**Your task:** Only the lines from the one that contains "A food and drink" through the last line of the data below should be duplicated, exactly and without pictures.

**Excerpted records:**
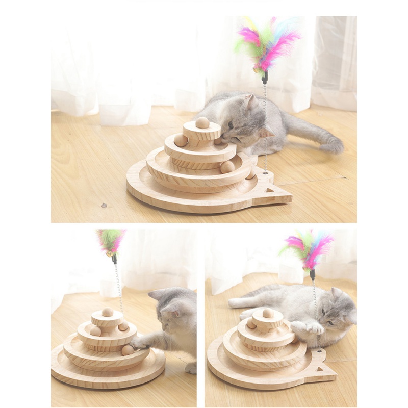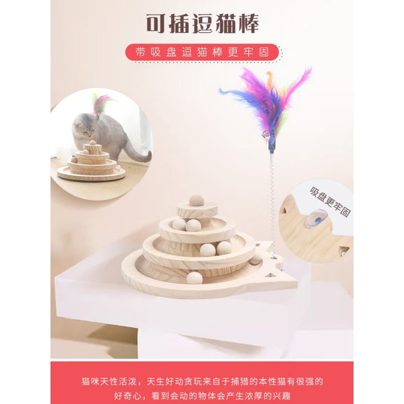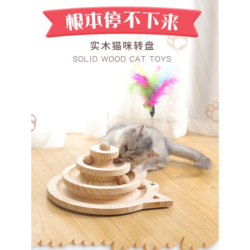猫玩具猫转盘实木猫猫自动自嗨逗猫棒薄荷球小猫解闷神器猫咪用品 鱼形双层转盘抓柱
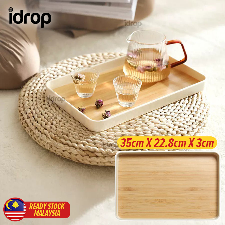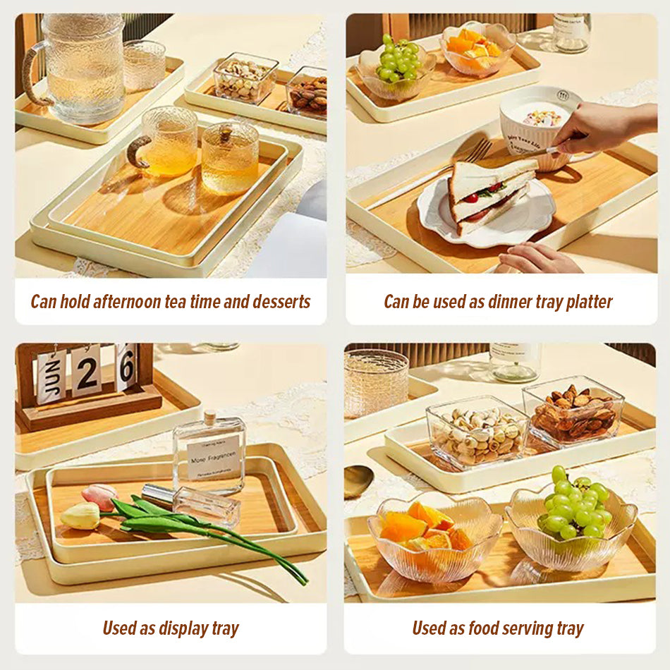 A food and drink serving tray with a minimalist design with smooth corner. Made from eco friendly material. Suitable for serving food and drinks, and also displaying items and trinkets.
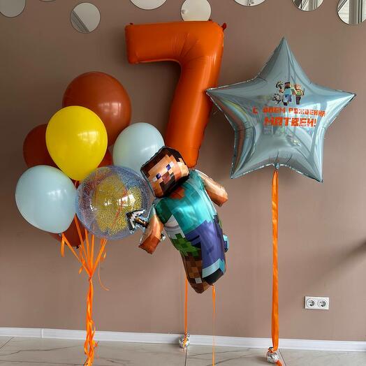 Композиция «Яркий майнкрафт» в интернет-магазине OCEAN BALLOONS. Заказать с доставкой! Тел.: +7 (495) 773-43-75.
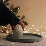 Χειροποίητος χριστουγεννιάτικος τσιμεντένιος δίσκος για την τοποθέτηση διακοσμητικών κεριών και άλλων χριστουγεννιάτικων δοχείων.
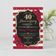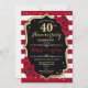 Invitación de fiesta de aniversario de bodas de rubí rojo 40. Tarjeta de invitación elegante roja, negra y blanca con dorado falso brillante. Cuenta con rayas elegantes, fuente de escritura y rosas rojas. Perfecta para una celebración de 40 aniversario.
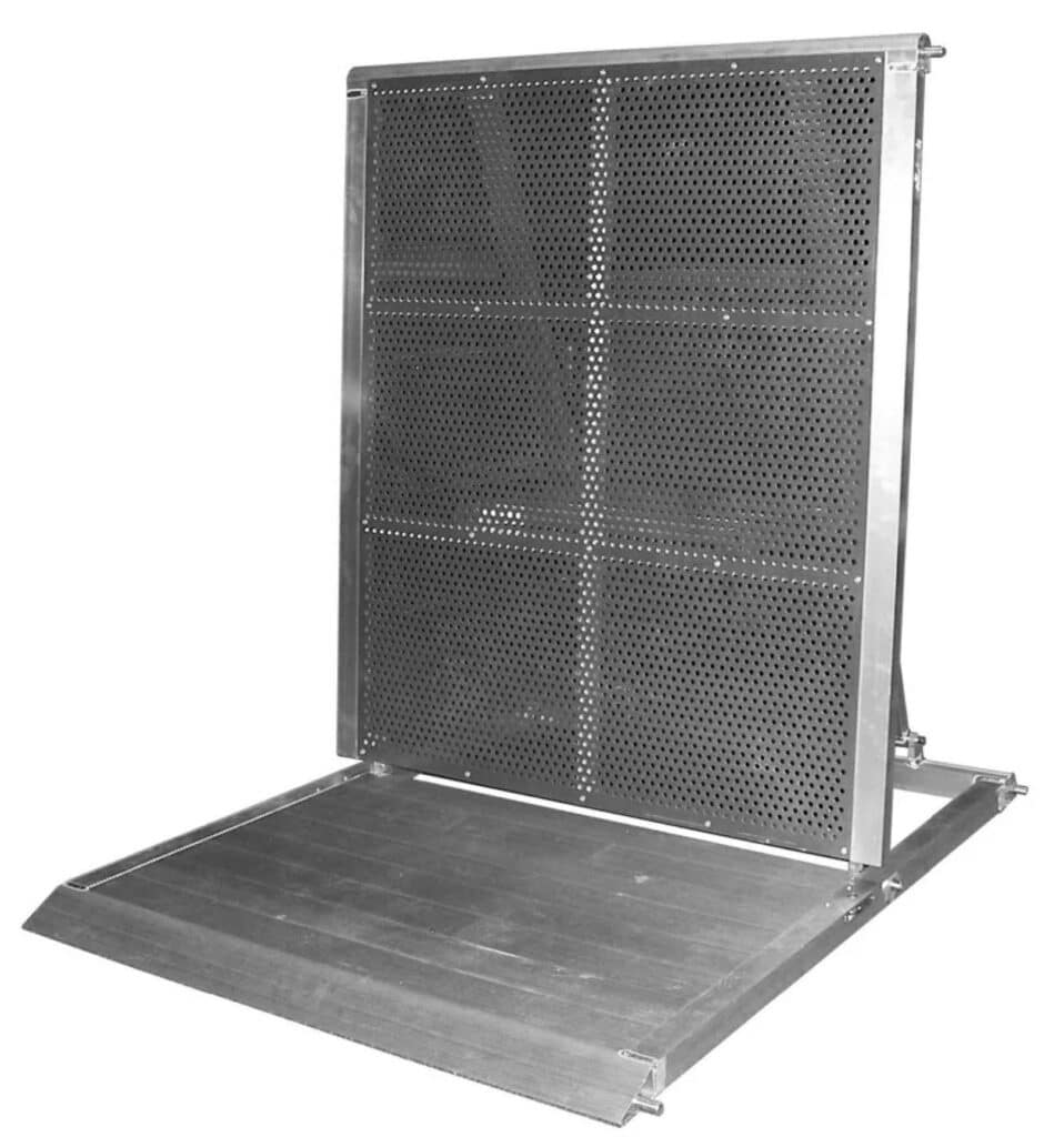 EM 950 är en stabil och funktionell lösning för säker publikavspärrning vid konserter, festivaler och andra evenemang. Barriären är tillverkad i aluminium, vilket ger en stark men relativt lätt konstruktion som är enkel att hantera på plats. Den fristående utformningen gör att den kan placeras utan behov av markförankring, samtidigt som den står stadigt även vid hög belastning.
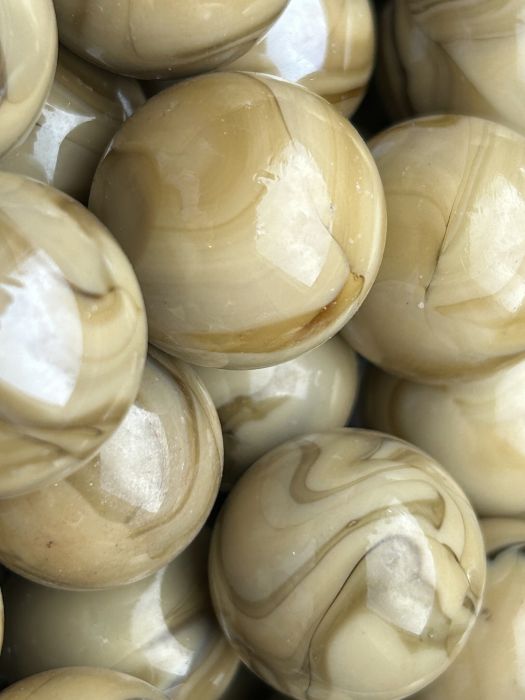 Undurchsichtige, hellbraune Murmel mit dunkelbraunen Schlieren.

**Task solution:**
 A food and drink serving tray with a minimalist design with smooth corner. Made from eco friendly material. Suitable for serving food and drinks, and also displaying items and trinkets.
 Композиция «Яркий майнкрафт» в интернет-магазине OCEAN BALLOONS. Заказать с доставкой! Тел.: +7 (495) 773-43-75.
 Χειροποίητος χριστουγεννιάτικος τσιμεντένιος δίσκος για την τοποθέτηση διακοσμητικών κεριών και άλλων χριστουγεννιάτικων δοχείων.
 Invitación de fiesta de aniversario de bodas de rubí rojo 40. Tarjeta de invitación elegante roja, negra y blanca con dorado falso brillante. Cuenta con rayas elegantes, fuente de escritura y rosas rojas. Perfecta para una celebración de 40 aniversario.
 EM 950 är en stabil och funktionell lösning för säker publikavspärrning vid konserter, festivaler och andra evenemang. Barriären är tillverkad i aluminium, vilket ger en stark men relativt lätt konstruktion som är enkel att hantera på plats. Den fristående utformningen gör att den kan placeras utan behov av markförankring, samtidigt som den står stadigt även vid hög belastning.
 Undurchsichtige, hellbraune Murmel mit dunkelbraunen Schlieren.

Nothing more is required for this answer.